As far as I know, if you want to use a partition, it has to be swap.  A file can be customized in kernel with tuxonice (formerly suspend2) but using another method, Im unsure.

----------

## jabol

Well, it has to be suspend2, then. That makes  it for me.

I believe I'd just swap my /usr/portage and swap partitions (/usr/portage happens to be just the right size - 4mb bigger than my ram actually:) ).

Thanks for answer.

----------

## Roman_Gruber

hi

tuxonice is the newer version  of suspend2-sources

I never got suspend to file working. I tried it for months regularly. I have given up.

Suspending to swap works very well. General rule is to have double amount of swap as ram.

so if you have 4 gb of ram, u should have 8 gb of swap.

i dont know the upper limit of swap space.

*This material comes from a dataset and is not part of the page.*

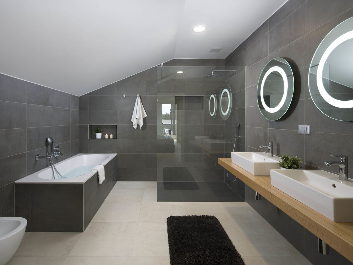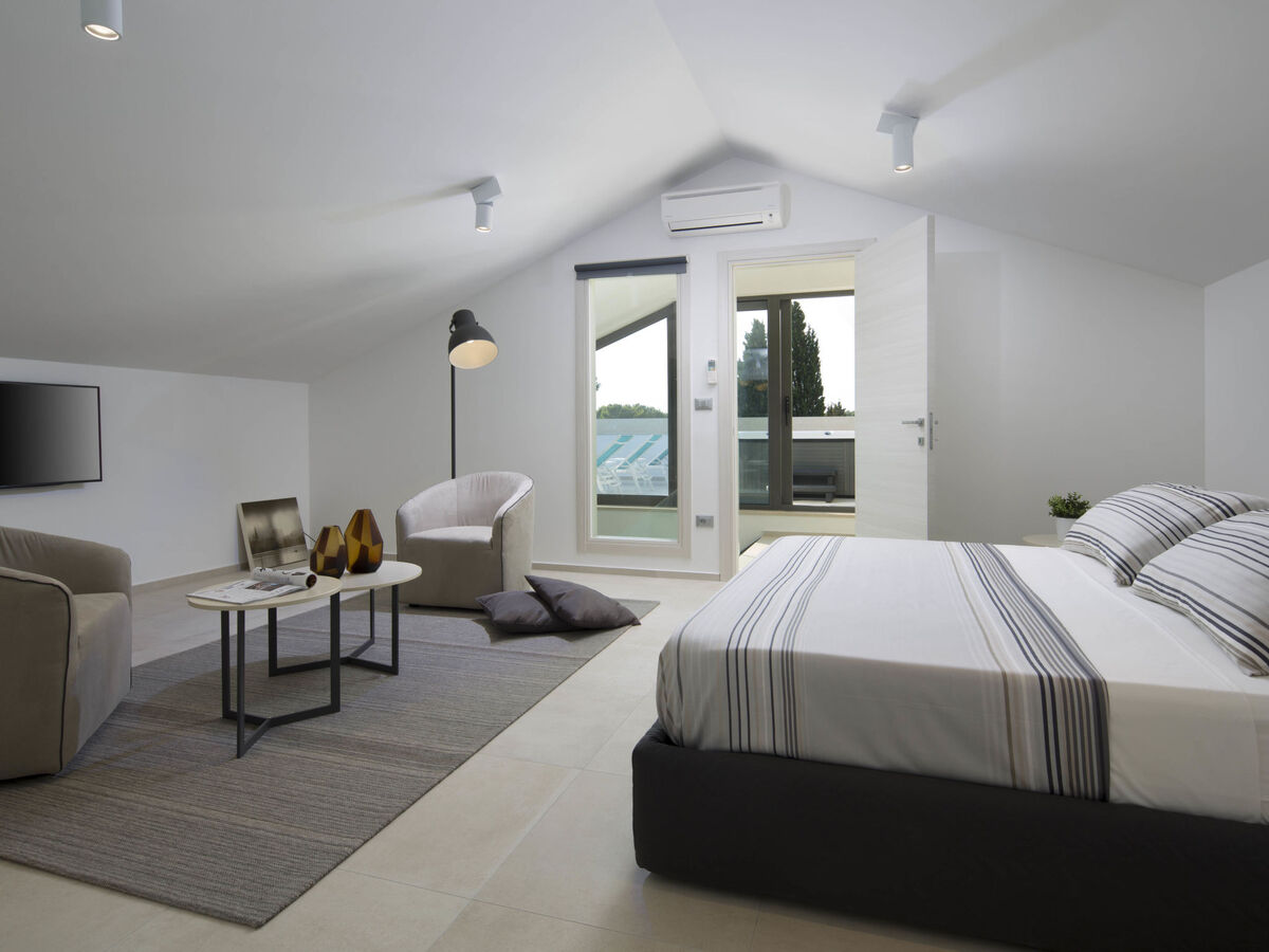 À l'étage supérieur: 1 chambre, mansardée hauteur plafond 140 - 250 cm avec Dressing avec 1 grand-lit (180 cm, longueur 200 cm), bain/douche/bidet/WC, double vasque et TV (satellite) (écran plat), air-conditionné.

nowadays harddiscs are so big, that 8 gb of swap shouldnt be a problem. u are on the save way and u can hibernate always then.

----------

## Evincar

Actually, and much to my shock, tuxonice suspends to RAM flawlessly out of the box. 

By the way, it has a nice compression feature, so even with a 1:1 RAM to swap, you are surely fine.

----------

## jabol

my hdd is 80gb, and it's a laptop. so it's not that easy.

----------

## bob doe

Evincar, could you give us (me) more info on suspend to ram?  I've found a shockingly small amount of information on it.  Everything I read is about suspend to disk.

----------

## x22

Hibernation saves only used pages, not whole RAM. 

The maximum size of suspend-to-disk image can be configured (both standard swsups and tuxonice allow it). 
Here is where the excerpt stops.